What if we discard any packet that come after a later packet we've already processed (later meaning the counter is great)? For example, if we get 1, 5, 4, 3, 6, 7
, we'd discard 4 and 3 since we've already seen 5. How many "good" packets would that leave?
# of ordered packets - click table to toggle %
NJ 1 | NJ 2 | LA | NLD | JPN | |
---|---|---|---|---|---|
NJ 1 | - | 2981 | 1514 | 1658 | 1123 |
NJ 2 | 3016 | - | 1627 | 1483 | 1161 |
LA | 1227 | 1259 | - | 1485 | 1067 |
NLD | 1407 | 1645 | 1220 | - | 1096 |
JPN | 980 | 1083 | 1141 | 1087 | - |
As a slight tweak, what if we group 5 packets together, sort them, then re-apply the above discarding code:
# of ordered packets (with grouping) - click table to toggle %
NJ 1 | NJ 2 | LA | NLD | JPN | |
---|---|---|---|---|---|
NJ 1 | - | 2981 | 2061 | 2235 | 1807 |
NJ 2 | 3016 | - | 2214 | 2041 | 1889 |
LA | 1868 | 1873 | - | 2066 | 1720 |
NLD | 2200 | 2273 | 1920 | - | 1712 |
JPN | 1541 | 1804 | 1735 | 1732 | - |
Conclusion
It's hard to draw any conclusions without running this for longer and with more data. Still, it seems that UDP reliability is pretty good. Distance usually involves more hops and each hop increases the risk or something going bad, but if things are normally ok, then distance doesn't seem to be an issue.
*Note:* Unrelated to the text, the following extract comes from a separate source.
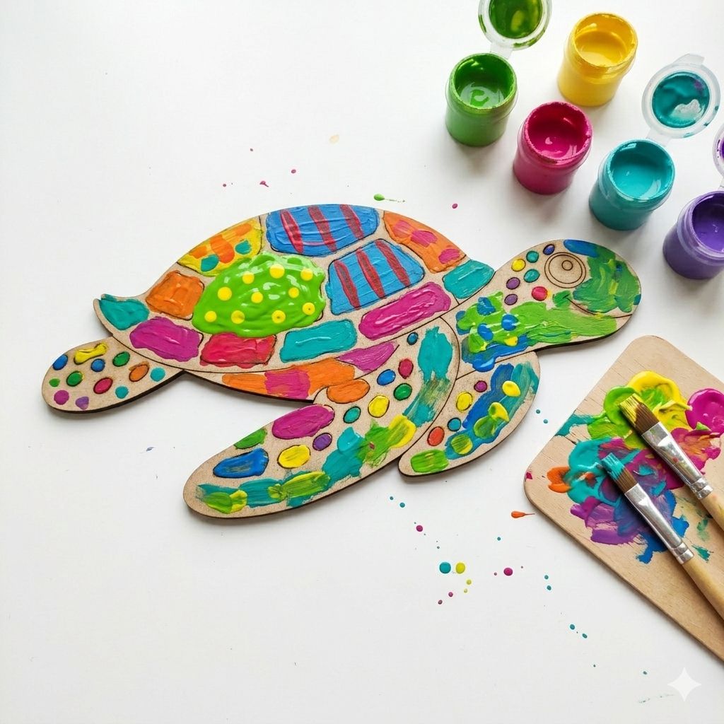 Boyanabilir ahşap deniz kaplumbağası figürü çocukların el becerilerini ve görsel algı gelişimini destekleyen eğitici bir ahşap oyuncak ve okul etkinlik boyama ürünüdür | 3 mm kalınlığında birinci sınıf ham mdf malzemeden lazer kesim ile üretilmiştir | 17 cm x 10 cm ölçülerindeki deniz temalı mdf boyama figürü anaokulu boyama aktivitesi ve sanat etkinlik çalışmalarına uygun teknik ölçüdedir | Yüzeyi pürüzsüz olup akrilik, guaj ve marker kalem uygulamalarına tam uyumludur | Boyama okul etkinlik aktivite projelerinde kullanılabilecek ham yüzey formundadır | Ecem Bilgisayar atölyesinde üretilmektedir.
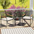 ● Built for Superior Stability: Supported by a robust metal frame  this rattan conversation set ensures enhanced longevity and stability. The adjustable foot pads adapt to uneven surfaces  further increasing overall steadiness.

What is an issue is ordering. Here, distance does appear to play a bigger factor. By grouping the packets we see a substantial and expected improvement. In a lot of cases, ordering might not matter. Unless you're streaming, it's possible that simply keeping a timestamp and re-ordering on the receiving side would work.
I'd like to test more things. More data for a longer period of time and more locations. I'd also like to compare the performance to TCP. But, overall, I feel that the better-than-I-expected reliability makes UDP something I should keep in my toolbox.